Королева брильянтов — страница 22 из 68

– А что же?

– Обер-полицмейстер Власовский приказал поймать Королеву брильянтов, которая должна пожаловать в Москву. Вы – лучший кандидат на эту роль. Имея ваш снимок, вся полиция России будет соревноваться, кто поймает знаменитую злодейку. Меня, конечно, пожурят, что упустил такую преступницу, но не более.

Баронесса умела соображать быстро. Не так, как другие женщины.

– Второе решение? – спросила она деловито.

– Наша сделка, – сказал Пушкин. – Помогаете найти убийцу. И украденные брильянты, конечно. Тогда возможное обвинение в убийстве отпадет само собой, а на Королеву быстро сыщется более достойная кандидатура. Ваш прелестный снимок даже не попадет в полицейскую картотеку Департамента полиции. До отправления поезда осталось пять минут. Решать вам…

Пушкин встал, запахнул отворот пальто и вышел в тамбур. В запотевшее окно баронесса увидела, как он соскочил с подножки вагона и пошел по перрону не оглядываясь. За ним поплелся фальшивый извозчик.

– Отправляемся через три минуты, – проводник прошел по вагону. – Господ провожающих просим выйти.

Паровоз дал протяжный свисток.

Она не знала, что делать. Пожалуй, первый раз в жизни.

– Ах ты Пушкин, сукин сын…

Вагон дернулся, будто отрывал примороженные колеса. Проводник начал запирать в тамбуре дверь. Поезд вот-вот тронется.

11

Солнце не желало уступать небо ранним сумеркам. По широкой привокзальной площади, занесенной снегом, сновали сани и пролетки. В такой день всем должно быть радостно и весело. Только двоим было не до веселья. Акаев, утопая в тулупе, забрался на козлы. Он был расстроен до самой глубины своей юной души. И обернулся к Пушкину, который сидел на диванчике полицейской пролетки.

– Все, Алексей, конец нам.

– Еще не конец, – ответил Пушкин, которому очень хотелось посмотреть на двери вокзала, но он запретил себе.

– Эфенбах живьем съест. Вас – точно. И мной не поперхнется.

– Еще не конец.

– Поезд уже отошел. Сами же разрешили жандарму отправить по расписанию.
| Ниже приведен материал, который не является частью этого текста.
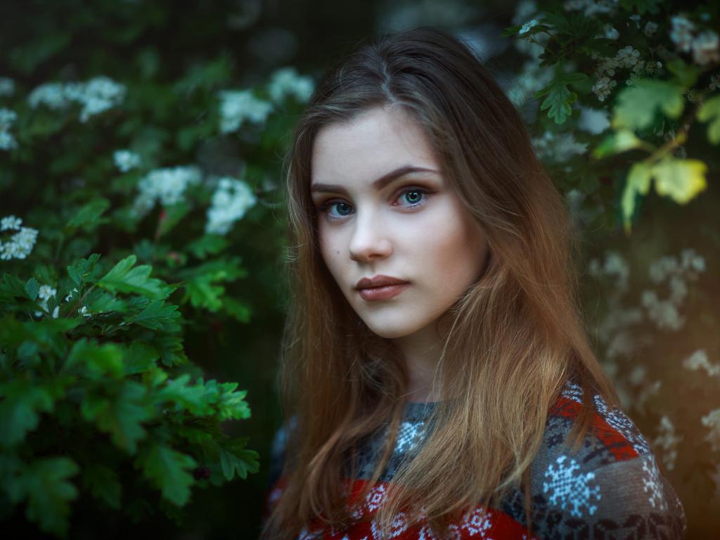 Wallpaper Portrait of the girl against the backdrop of greenery

– Еще не конец, – упрямо повторил Пушкин.

Спорить Акаев не стал. Запахнул тулуп и загородился овчинным воротником.

– Может быть, подадите даме руку?

Пушкин как ни в чем не бывало подвинулся в угол диванчика.

– Залезайте, баронесса, я нагрел вам местечко.

Акаев не верил своим глазам: злодейка, мошенница, воровка, вместо того чтобы спокойно укатить, взяла и вернулась. Сама вернулась! Это чудо было выше понимания юного чиновника. Каким волшебством Пушкин знал, что она придет? Невероятный вопрос. Между тем баронесса залезла без посторонней помощи и устроилась.

– Не смейте смотреть на меня с таким победным видом, – сказала она, опуская вуаль.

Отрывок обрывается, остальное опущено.